The timing suggests Thanksgiving played a role “but it’s probably not the sole factor,” he said. “It certainly would be somewhat reasonable to think that part of that rise in cases was related to Thanksgiving, or people getting together for whatever reason.”
At the same time, it would take at least two weeks to see any change as a result of new restrictions, and case counts would be expected to continue rising in that time, he said.
The next few weeks will be “very telling” when it comes to how the second wave is playing out, he added.
Either way, health officials should begin to prepare the public for Christmas — a holiday that involves even more gatherings and travel than Thanksgiving, he said.
“No one wants to say publicly that it’s unlikely that the numbers will be down in many of the hot spots in Canada in a sufficient enough way to say it’s OK to get together for Christmas.”

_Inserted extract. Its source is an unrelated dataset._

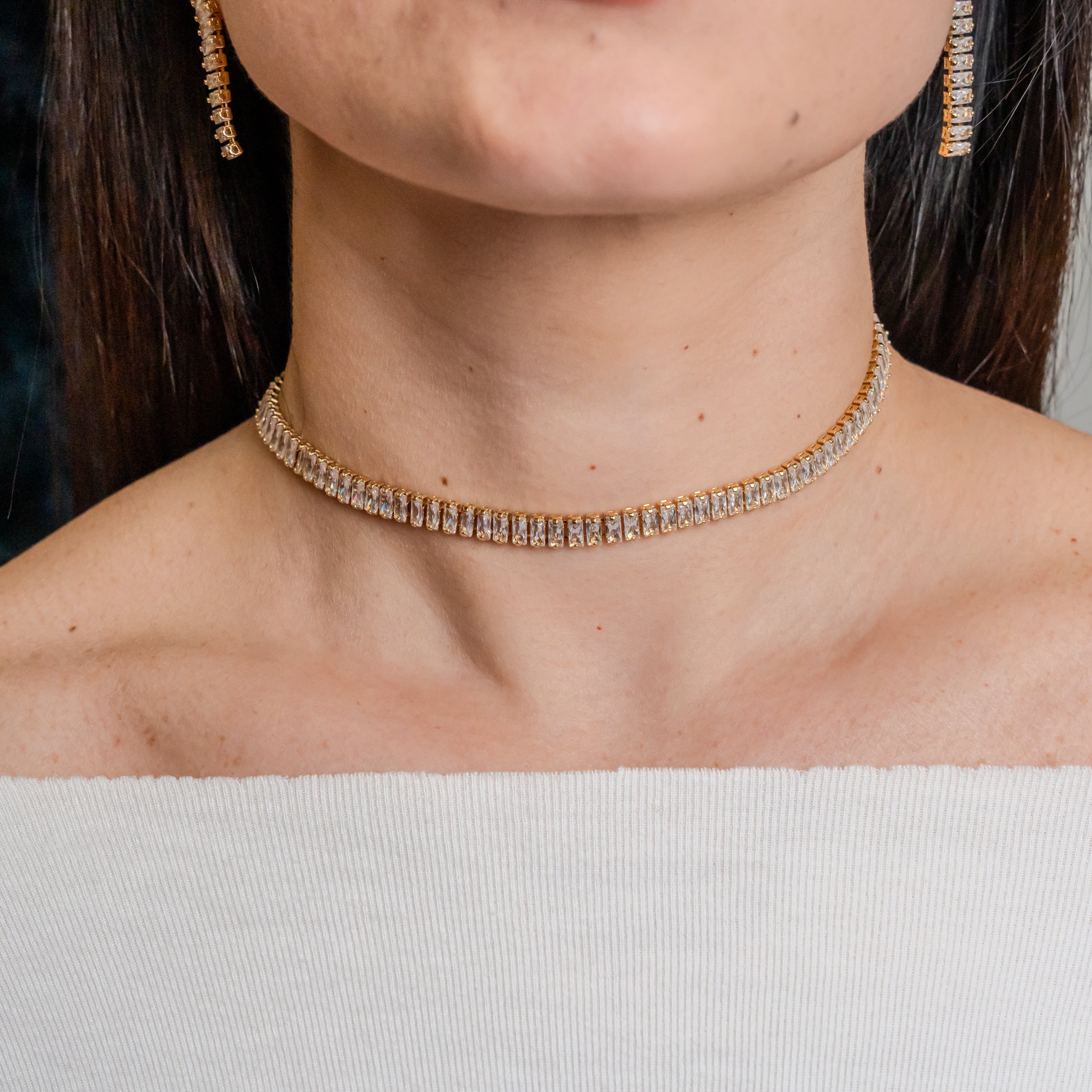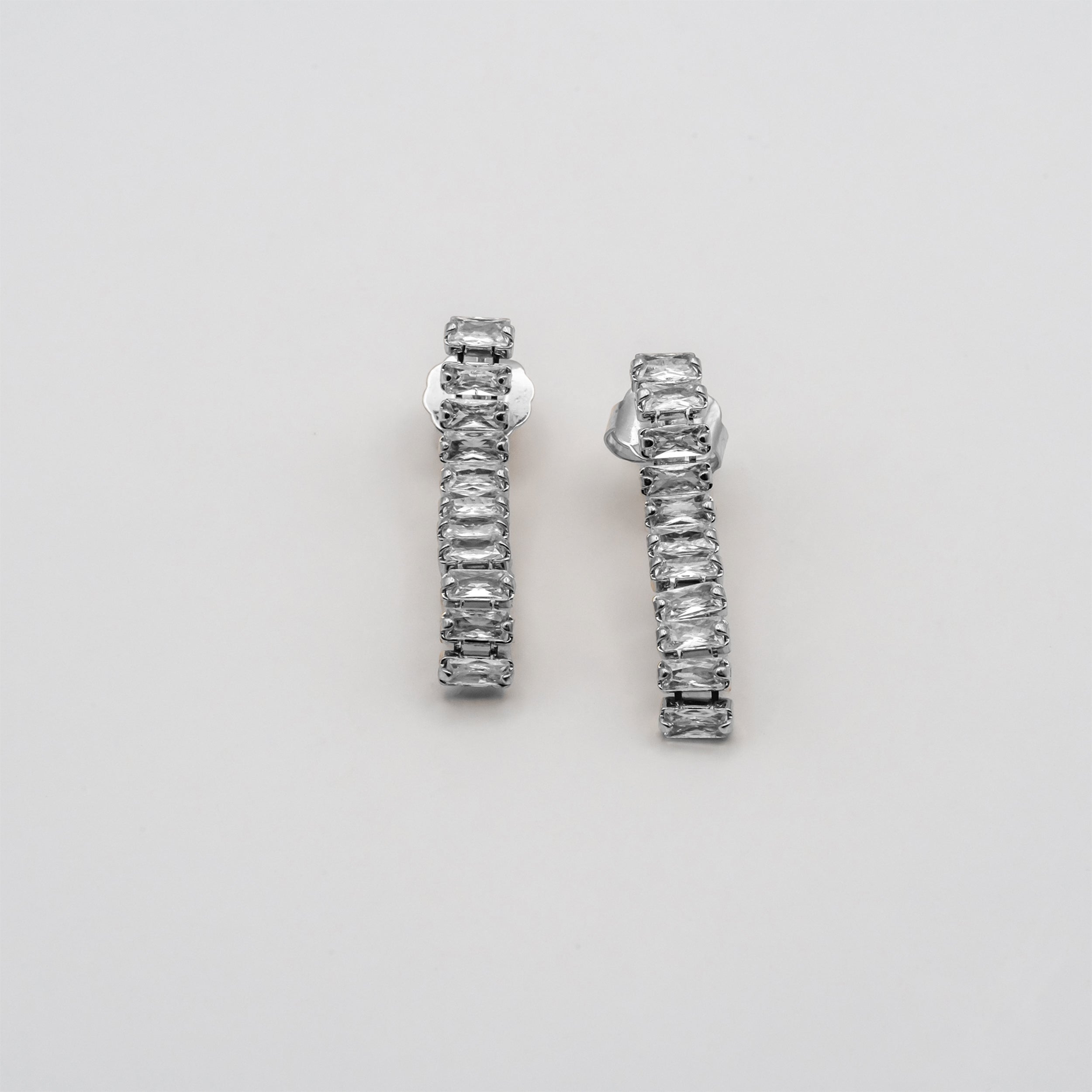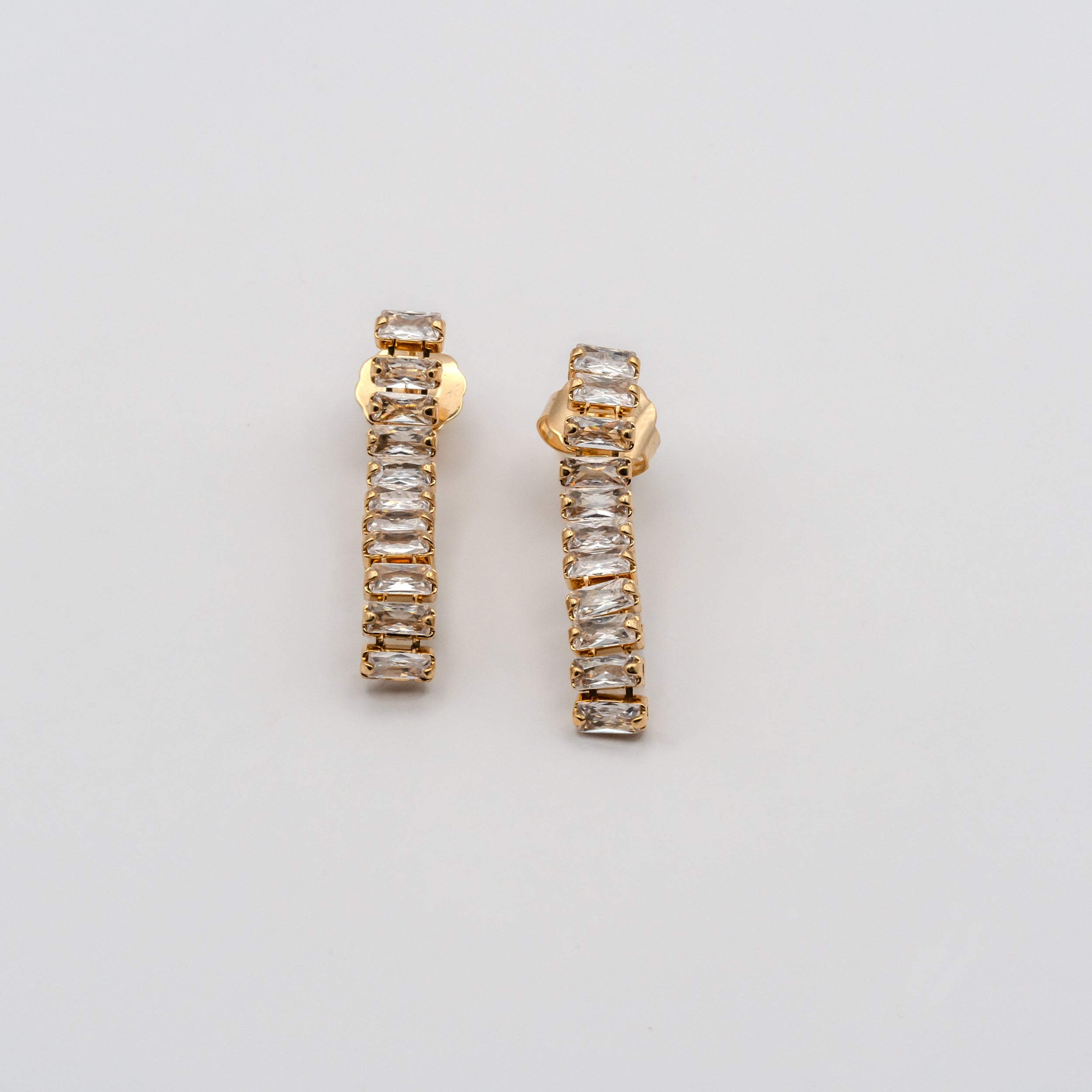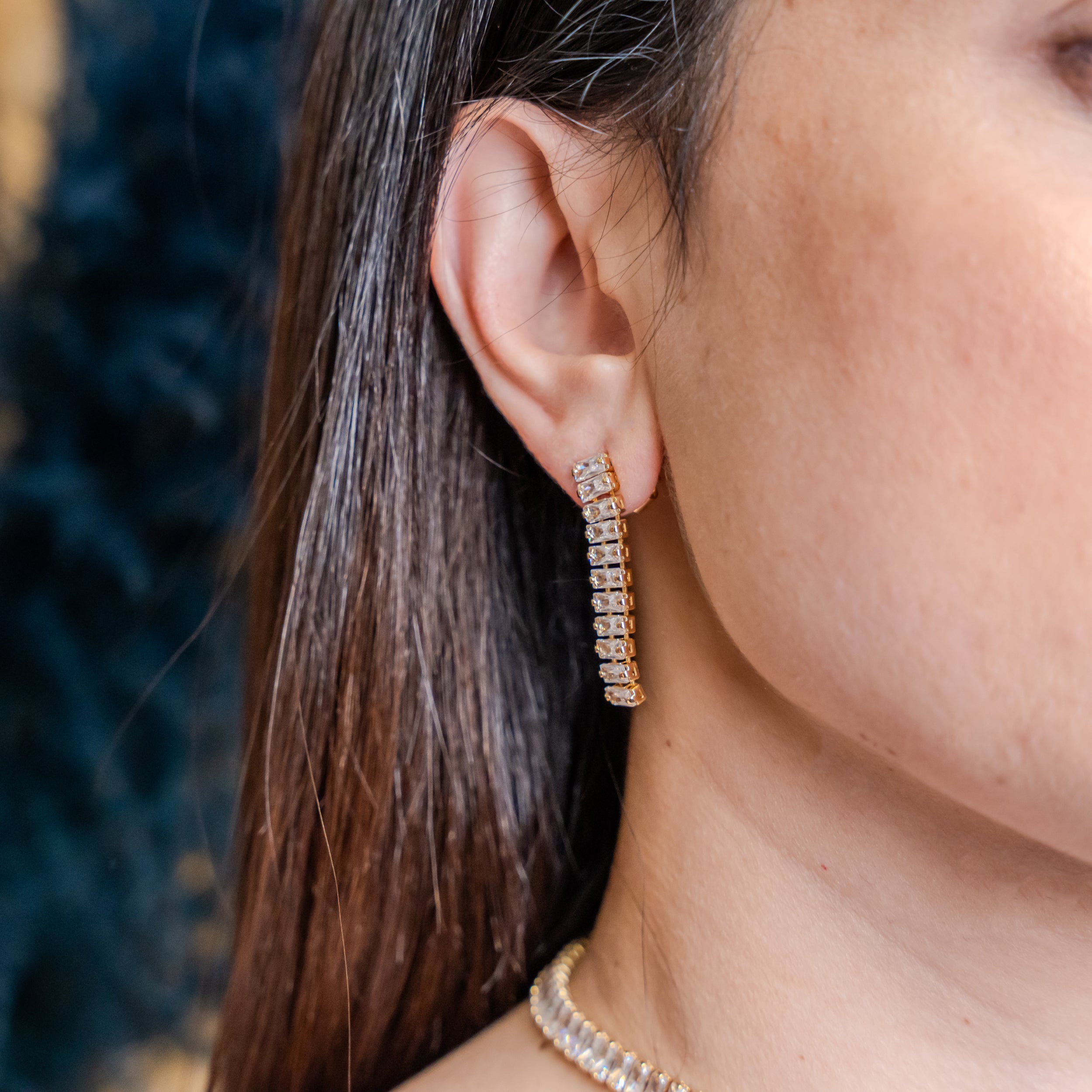 Orecchini pendenti lineari con fila verticale di strass taglio baguette, placcatura oro 18k o argento.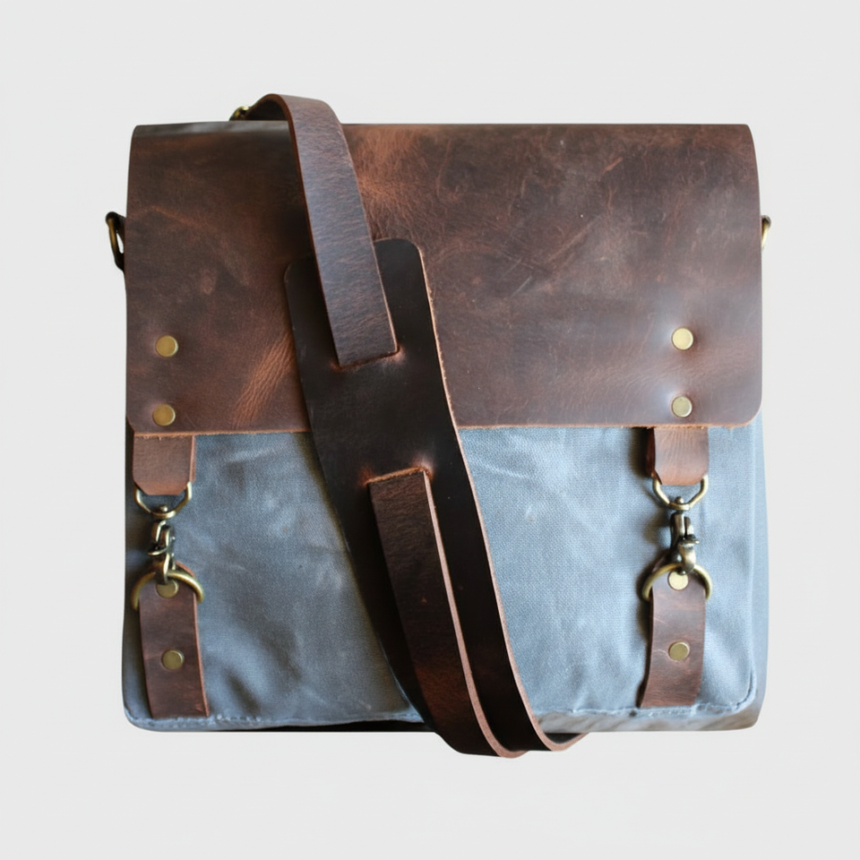 IB-0088 Leather Crossbody Waxed Canvas Laptop Messenger Bag for Men & Women Women's Tote Bag

Alberta also imposed a 15-person limit on social gatherings in its two biggest cities on Monday, as cases in Calgary and Edmonton continue to climb.
The province reported 364 cases on Friday, 572 on Saturday and 506 on Sunday, along with seven additional deaths over the weekend.
Unlike Ontario, Manitoba and Quebec, the Alberta government is not toughening rules for restaurants and bars because few infections seem to be connected to those venues.
In Quebec, Premier Francois Legault told a news conference in Montreal that the province’s rates of new, daily infections and deaths linked to the virus were too high to ease restrictions that have been in place since Oct. 1.
The partial lockdown on regions in maximum pandemic-alert zones was imposed until Oct. 28. But Legault said the forced closure of gyms, bars, restaurant dining areas and entertainment venues in the province’s biggest cities — such as Montreal and Quebec City — will be extended until Nov. 23.
“We have stabilized the number of new cases but we still have a big challenge in front of us,” he said.
The province, which has been leading the country in cumulative cases, surpassed 100,000 confirmed infections over the weekend. Quebec reported 808 new cases on Monday and 10 more deaths.
“We can’t continue to have 800-1,000 cases per day,” Legault said.
Earlier in the day, a coalition of gyms and other fitness-related businesses vowed to reopen Thursday regardless of the health orders.
Legault rejected their threat outright. He said those businesses won’t reopen and owners of gyms and other companies who violate lockdown orders risk being fined.